The Secret to Beating Heartburn
Heartburn isn't what you think it is. We reveal the truth behind the burn—and why you are suffering from it.
For many, heartburn is what happens after we eat one too many Fruit Roll-Ups or an entire meat lover’s pizza.
According to the International Foundation for Functional Gastrointestinal Disorders, 44% of Americans suffer from monthly heartburn, and 7% have it daily. Heartburn is generally caused by the regurgitation of gastric acid. The condition has nothing to do with the cardiovascular system; rather, it’s a pain felt in the chest due to inflammation of the esophagus.
At the junction between the stomach and esophagus is the lower esophageal sphincter, which acts as a valve that keeps food and stomach acid from rising back through the esophagus. When stomach acids rise through the esophagus, they cause inflammation, a “burning” sensation, and pressure across the chest. Other common symptoms include difficulty swallowing, chronic cough, and a nasty acid fluid accumulation at the back of the throat.
The key to conquering heartburn is identifying what foods are most irritable to your stomach. From there, it’s about crafting a diet that can reduce stomach acids before acid reflux starts to deteriorate the esophagus.

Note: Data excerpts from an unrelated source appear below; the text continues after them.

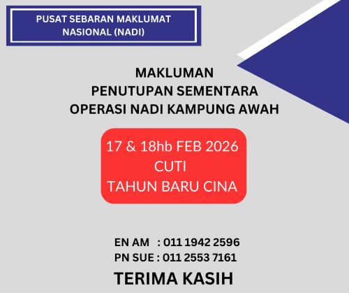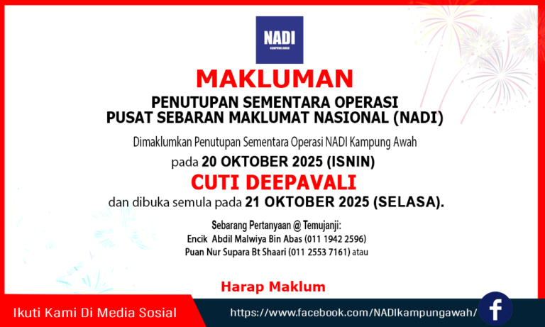 NOTIS PENUTUPANUntuk makluman,penutupan sementara operasi NADI Kampung Awah pada 20 October 2025 (Isnin) bersempena dengan CUTI UMUM (Hari Deepavali).dan akan kembali beroperasi seperti biasa pada hari 21 Oktober 2025 (Selasa)Sekian, harap maklum.
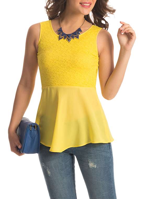 #1 lacey yellow peplum top & similar products...
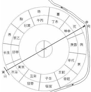 在西北方天盘缝针的壬位有一条小河,从壬子方流来,丁位上流出,为右水到左,属阴水,故逆排十二长生,排为从甲卯起长生,临官来水,墓方出水。卯乃癸水长生之地,此地乘癸水(阴水)之气,地为水局,应立水向,按地支三合,申子辰三合水,壬子、坤申、乙辰都为水向。此例立寅山申向,符合旺方来水、衰墓方出水、背山面水的大吉格局。
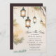 Luzes De Lanterna Botânica Da Árvore Rústica Salvem O Cartão De Data. Belo design de casamento elegante e com cor d'água com lanternas botânicas rusticadas penduradas. Esta design de casamento moderna personalizada pode ser facilmente personalizada com os seus próprios detalhes de casamento.
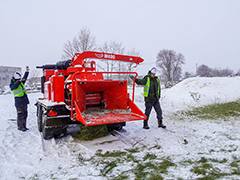 Эта машина в течение года используется для переработки веток и стволов деревьев, остающихся после различных работ. Измельченную в щепу древесину используют при благоустройстве – в первую очередь, для засыпки открытого грунта. А в январе «Торнадо» применяют теперь для переработки сотен выброшенных жителями елей и сосен.

If cutting out the common triggers doesn't help, see your doctor to rule out other possible—and more serious— explanations for your pain, like:
- Angina: Angina is the warning symptom before a heart attack. This pain is usually worse with exertion and can be accompanied by shortness of breath. This is one of the big, bad diagnoses you don’t want to overlook.

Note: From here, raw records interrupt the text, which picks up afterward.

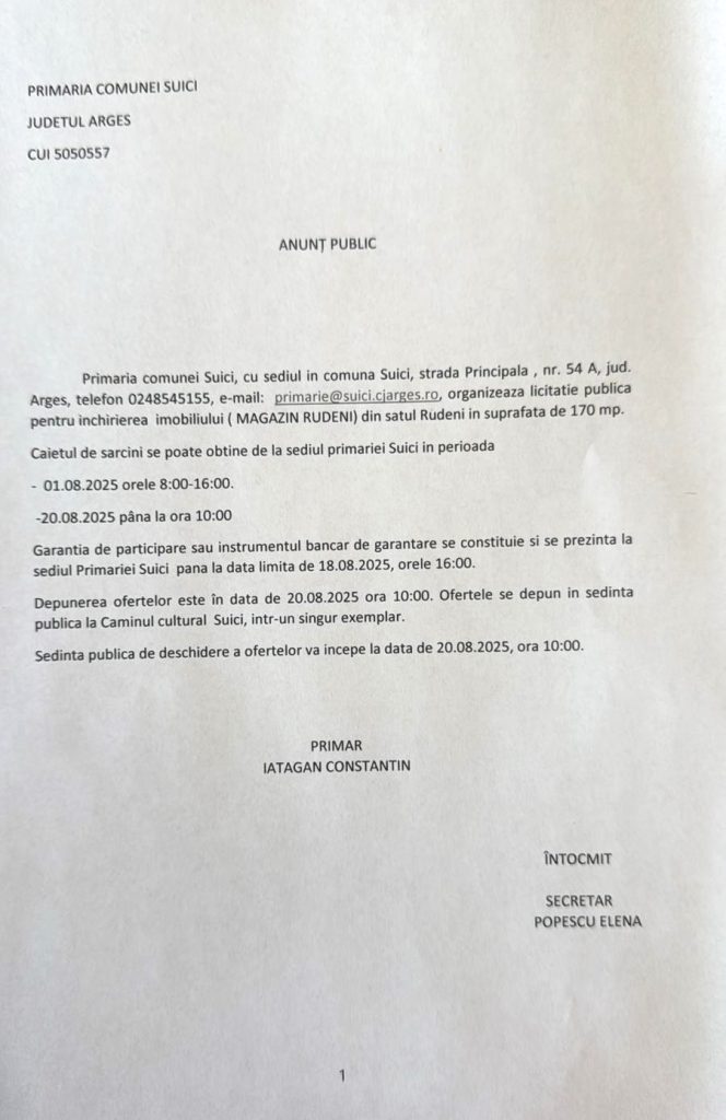 Anunturi 2024 / ANUNT nr.392 din 29.01.2026 – PROCEDURA PROPRIE ” Servicii de catering pentru prescolarii si elevii din unitatile de invatamant preuniversitar de stat de pe raza comunei SUICI, judetul Arges”
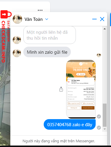 Alerte d'arnaqueur: vu van toan
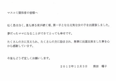 先月9日には、自身のオフィシャルブログにて妊娠への不安や覚悟を語っていた熊田。FAXの最後には、無事出産を終えたことに対し「心から感謝しています」と周囲への感謝の言葉をつづった。
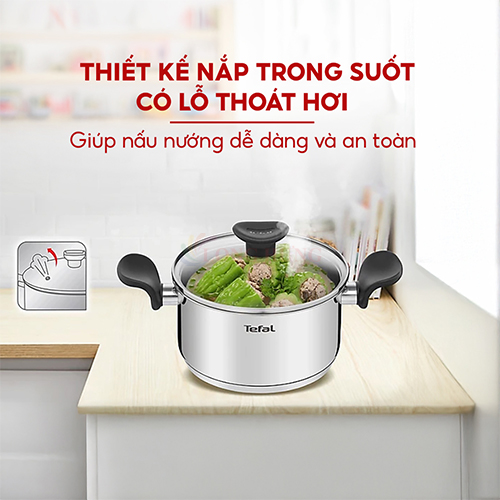 Nồi Inox Tefal Primary - 20cm x 3.0L Chất liệu: Inox cao cấp 18/10, chống gỉ sét, an toàn cho sức khỏe, bền bỉ theo thời gian. Kích thước: Đường kính 20cm, dung tích 3.0 lít – phù hợp nấu ăn cho gia đình nhỏ hoặc trung bình. Đáy nồi: Công nghệ đáy từ 3 lớp dày dặn, truyền nhiệt nhanh và đều, sử dụng tốt trên mọi loại bếp, kể cả bếp từ. Thiết kế: Thành nồi cao, miệng rót chống tràn tiện lợi. Tay cầm inox chắc chắn, dễ dàng thao tác. Vung kính cường lực trong suốt, chịu nhiệt tốt, giúp quan sát món ăn dễ dàng mà không cần mở nắp. Ưu điểm nổi bật: An toàn trong máy rửa chén. Chịu nhiệt cao, hạn chế biến dạng. Sử dụng đa dạng: luộc, nấu, hầm...   LƯU Ý KHI MUA HÀNG: Cảm ơn quý khách đã quan tâm đến sản phẩm bên shop, quý khách vui lòng dành ít thời gian đọc kĩ chính sách bảo hành đổi trả: Shop nhận đổi trả trong trường hợp hàng sai mẫu, size, màu do shop gửi. Bên shop chỉ giải quyết khiếu nại khi quý khách có video clip khi mở/nhận hàng. Bảo hành đối với sản phẩm chính hãng, quý khách trực tiếp mang sản phẩm bảo hành tới trung tâm bảo hành của hãng. Không nhận đổi trả khi sản phẩm bị hư hại do tác động ngoại lực từ người mua như móp, bể, trầy xước, nổ điện, rớt nước, rách tem bảo hành, không đầy đủ phụ kiện và hộp. Vì lượng hàng hoá nhiều shop không nhận đổi trả trong trường hợp khách không thích, không ưng màu, chất liệu; quý khách vui lòng đọc kĩ mô tả và xem hình ảnh cụ thể; nếu cần hãy chat với shop để được tư vấn.
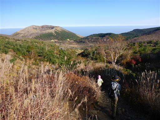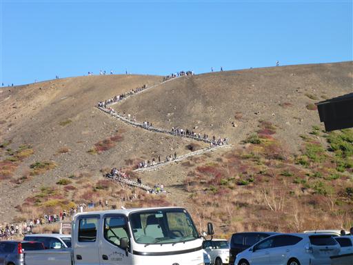 もう3時半なのだが、吾妻小富士に通じる道は数多くの観光客が列をなしている。
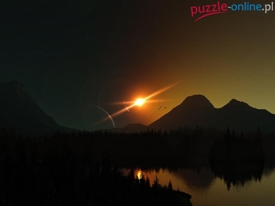 Puzzle Góry, Zachód, Słońca, Jezioro

- Blood Clot in the Lungs: Called a pulmonary embolism, this can be fatal as well. The blood clot usually comes from a vein in the leg and traces to the lungs. The only way to rule this out is a CT scan. This is the other big, bad diagnosis.
- Spasm of the Esophagus: Also known as Nutcracker Esophagus, this can be very painful and feels like squeezing or a cramp in your chest. Difficulty swallowing is another symptom. This is not dangerous.